Just got a mod 1 and bought new halyards from CD. Downloaded manual, threaded jib lines according to pic (thru cleat, becket, and jam cleat) - but - big but - when halyard is completely released the jib shackle only comes down to spreader height. What’s going on? Anyone have a couple pics with the right routing for the 2 lines? want to go sailing! Thanks
Dan

so to answer my own question- and hopefully to help others with same issue-
Called CD tech support and his answer to douse the jib is to release lines completely from jamb cleat, mast cleat and becket sheeve / essentially you have one long spliced jib halyard now.

To hoist - gotta put lines back through the cleats and becket. Odd set up but that’s the solution to get the jib shackle back to the deck. Cheers
 
Makes me appreciate a Mod 3 with roller furled jib, no halyard. Guessing that the original design incorporated the block and becket to make it easier to tension the forestay and vary that tension based on conditions; sort of like the adjustable back stay which I had on larger boats, with roller furling and reefing. Since I don't race the Mod 3 I don't feel the need to adjust forestay tension other than the tension applied by the main and/or the vang.
I would consider not passing the halyard through the open base of the cleat, pass it under the lower horn, secure lightly with a small bungee. Then, when releasing the halyard maybe just pop off the bungee and let the line run. Be interesting to see how other Mod 1 sailors are dealing with it. Just a thought.
 
We just got this boat ( and just joined the forum group) We wanted furled jib but pickens are slim here in San Diego (not to mention high prices) so went without. Got a good deal on boat with beautiful hull, replaced all rigging, jib is nice and crispy but some day when it’s replaced I’ll buy the roller.

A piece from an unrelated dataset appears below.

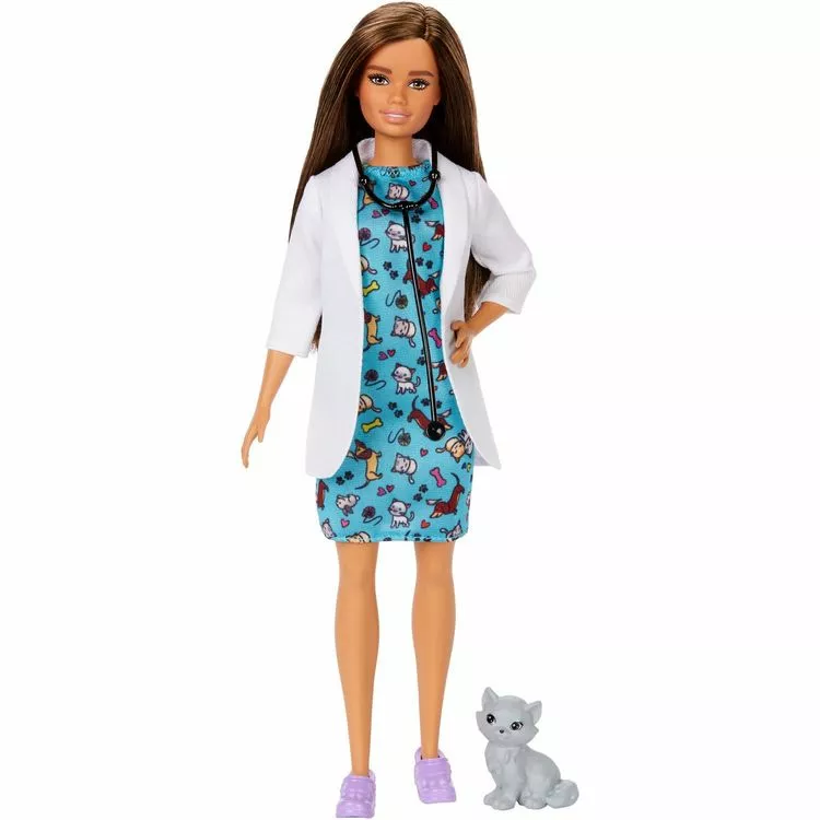 Crée des histoires à l’infini avec Barbie grâce aux différents métiers qu’elle représente. Chaque poupée se singularise par sa silhouette, son ethnie et son métier.Elle porte une tenue professionnelle et un accessoire.

I guess the one good thing about the becket is that if you have to douse the jib in a hurry the tails bitter end won’t ride up the mast and through the top halyard block - ha
 
Last thought. I am guessing that if you leave a stopper knot at the tail of the halyard and if the jamb cleat has a retainer on it, that when you slip the halyard off of the cleat horn you will be able to let the becket run up the mast about ten feet, lowering the jib shackle ten feet, while retaining control of the halyard bitter end. With a little luck you will never have to worry about the becket ride up to the top halyard block. The halyard should be about fifteen feet long and you will be releasing about two thirds of it according to the rigging diagrams.
 
I bought the jib haulyard lines from Catalina Direct. It turned out to be kind of funky. I don’t like it. When I got the boat it just had one long line, which may have been better.
I keep the one end stuck in the jam cleat. I pull that line down until I can reach the other end that’s stuck at the becket then wrap the other end around the horn cleat.